In the weeks to come, I will be trying to bring in more information to widen my search. I’m researching all I can on what experts think best defines Threat Intel and Hunting. Because to really capture what’s out there, we need to broaden our scope.  I want to be looking ahead of the curve in this chase, anticipating their next move based on the wealth of information we have at hand, and factoring in what we know about human behavior. Next gen tech has spawned next gen threats, and as always, the attackers are ahead of us. And here is the thrill of the hunt.

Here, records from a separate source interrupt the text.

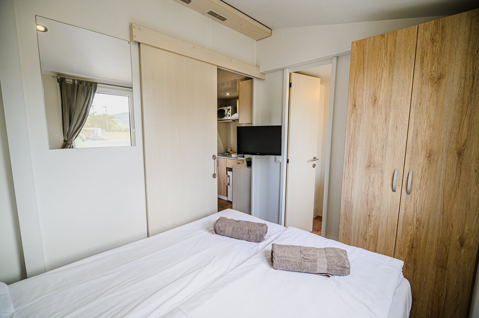 One-bedroom mobile home suitable for up to 2 adults and 2 small children (0-5 years old). Additional bed is 140x200cm big. Thermal Riviera tickets are included in price for all guests all days of your stay (SUMMER SEASON: 2 x daily entrance per person for summer thermal riviera unlimited time or 1 x daily entrance per person for winter thermal riviera - 3 hour ticket. WINTER SEASON: 1 x daily entrance for winter thermal riviera unlimited time). Mobile Homes are located near lake in autocamp Terme Čatež. Distance to Thermal Riviera is 150-200m.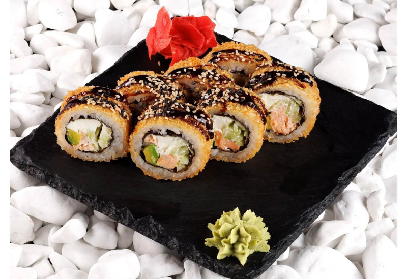În interior — brânză cremoasă Philadelphia, somon suculent și castravete . La exterior, ruloul este tăvălit în pesmet panko și prăjit în baie de ulei până la o crustă aurie.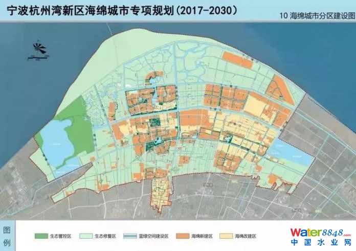 在《寧波杭州灣新區(qū)海綿城市專項(xiàng)規(guī)劃(2017—2030年)》中,出于新區(qū)獨(dú)特的地理位置、氣候條件、土地狀況及水文特點(diǎn),寧波杭州灣新區(qū)海綿城市建設(shè)將因地制宜,多措并舉,作好“滲、滯、蓄、凈、用、排”等文章。根據(jù)專項(xiàng)規(guī)劃,新區(qū)海綿城市規(guī)劃覆蓋整個(gè)行政區(qū)范圍,重點(diǎn)建設(shè)區(qū)為城市建設(shè)用地,其中,12.8平方公里濱海新城啟動(dòng)區(qū)塊及23.5平方公里南部新城板塊將全面按照海綿城市要求建設(shè)。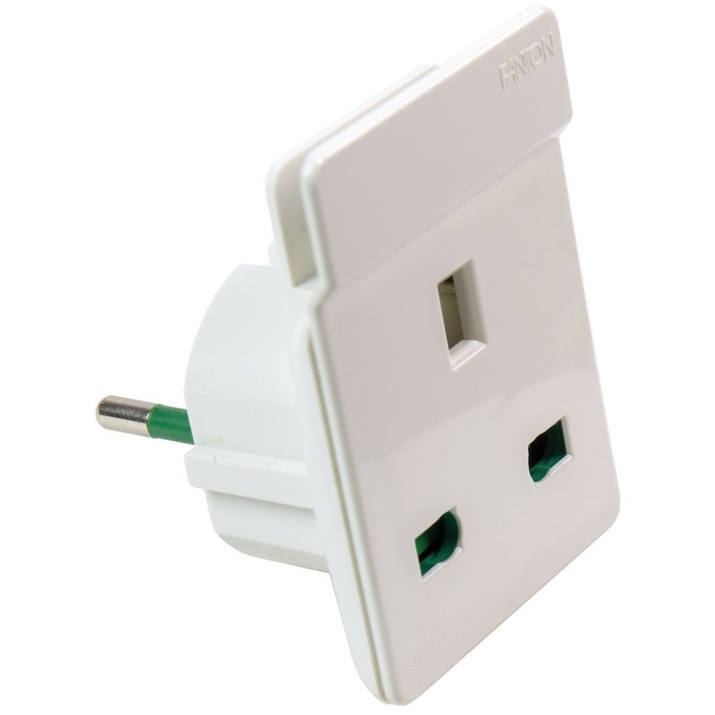 Adaptor Englezesc Priza Tip Engleza/Schuko, Cu Suport Pentru Telefon, Protectie copii, 16A, 2P+E, 1500W, AC 250V, Alb, Fanton Italia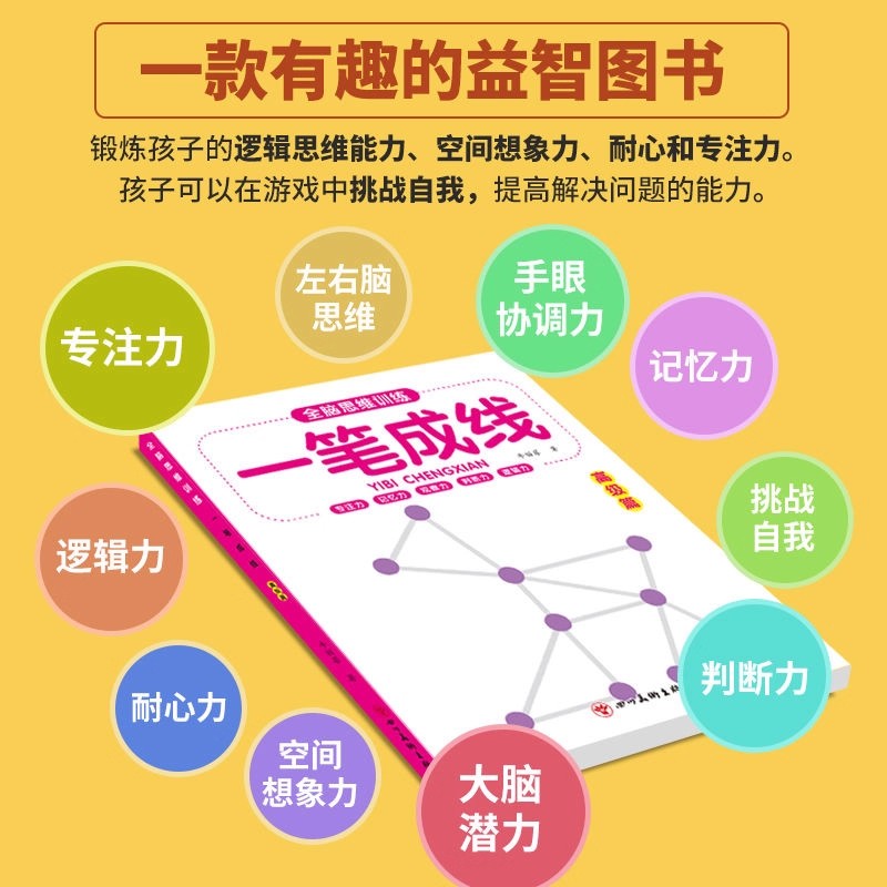 12岁儿童一笔成线专注力训练全脑思维开发逻辑智力开发益智游戏书家长孩子玩一笔连完所有点图案闯关游戏玩具迷宫认知能力左右脑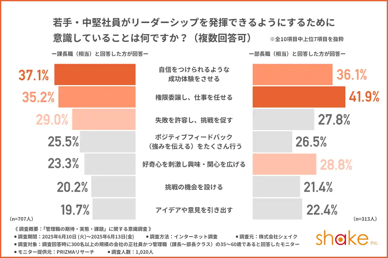一方で部長職は『好奇心を刺激する』ことに力を入れ、視野を広げる働きかけを意識しているようです。全体として、リーダー育成には経験と心理的安全性、主体性の醸成が鍵となっていることがうかがえます。 |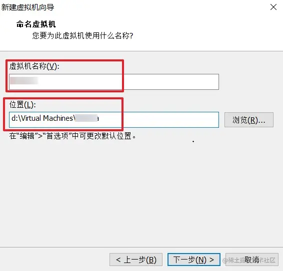 选择安装位置,然后并给你想要创建的虚拟机起个名字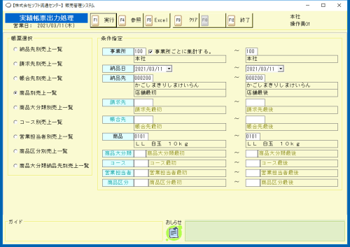 ●納品先別・請求先別・帳合先別・商品別など各種分類での数量・重量・数量平均単価・重量平均単価を集計します。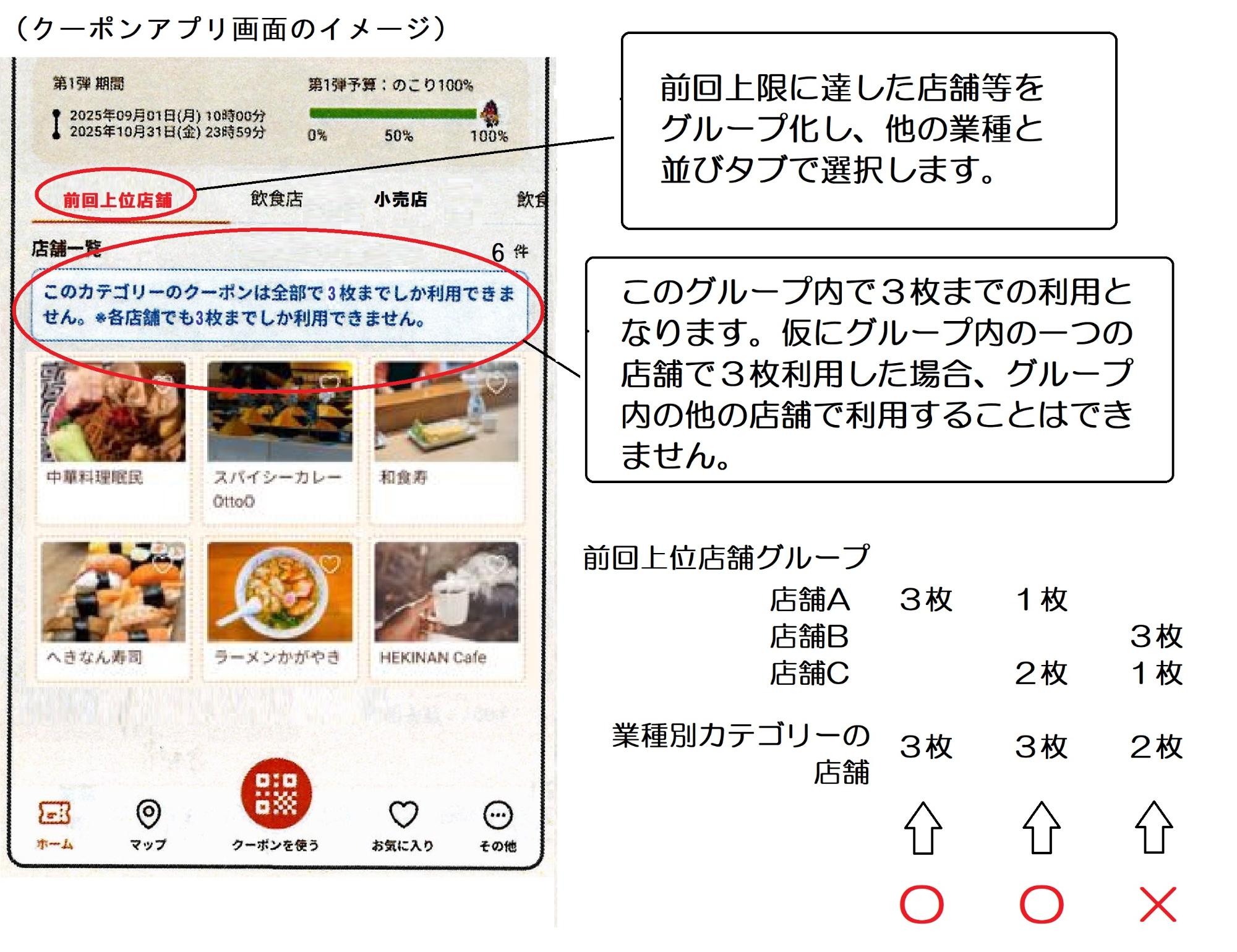 ただし、前回実施した際に、店舗上限に到達した店舗などは一つのグループとしてまとめ、グループ内で合計3枚までのご利用となります。

Update: Zeus Sphinx Trojan is back

Exploit. Angler. Nuclear. Doesn’t matter what they’re called, they always deliver.  We should be prepared for the fact that these die down then reappear, with renewed code and vigor.  Here’s a current representation of strains. And to that we add Zeus Sphinx.

malwarefams

As banking malware goes, Sphinx  “combined elaborate fraud tactics to steal credentials and one-time passwords”. Sphinx was originally identified in 2015, but the Brazilian variant appeared hot on the heels of Zeus Panda in Aug 2016,  attacking Brazilian banks, specifically the online banking and Boleto payment systems (Boleto fraud is highly lucrative and deserves its own post). That this occurred at the same time as the Olympics is no coincidence.  Activity died down until recently. IBM X-Force has identified new, targeted attacks against online users of banks and especially credit unions in Canada and Australia. In this article written by malware hunter Limor Kessem, these are “low-volume testing, not full-blown infection campaigns. The malware’s operators appear to be looking very carefully to determine which geographies offer the paths of least resistance.” According to X-Force, the attackers are using the same attack servers that facilitated the Zeus Citadel and Ramnit attacks in 2016. As well, the webinjections share similar code patterns with other banking Trojans. Sphinx uses two distribution methods: email loaded with a malicious VBA loader, and malvertising.

sphinx

Note how Credit Unions are the major target, as they apparently are low-hanging fruit from a security standpoint.  For Australia, the mix is 40 major banks, credit unions and payment providers. NOTE: This also targets some US banks.

aussphinx

Per the X-Force Exchange site:

Zeus Sphinx is used for the theft of online banking authentication elements such as user credentials, cookies and certificates. These elements are subsequently used by fraudsters in illicit online transactions typically performed from the user’s own device. Connection to the endpoint is facilitated via backconnect hidden virtual network computing (VNC), which means the infected endpoint will initiate a remote-access connection to the criminal’s endpoint. This feature allows the attacker to gain user-grade access to the device even through firewall protection.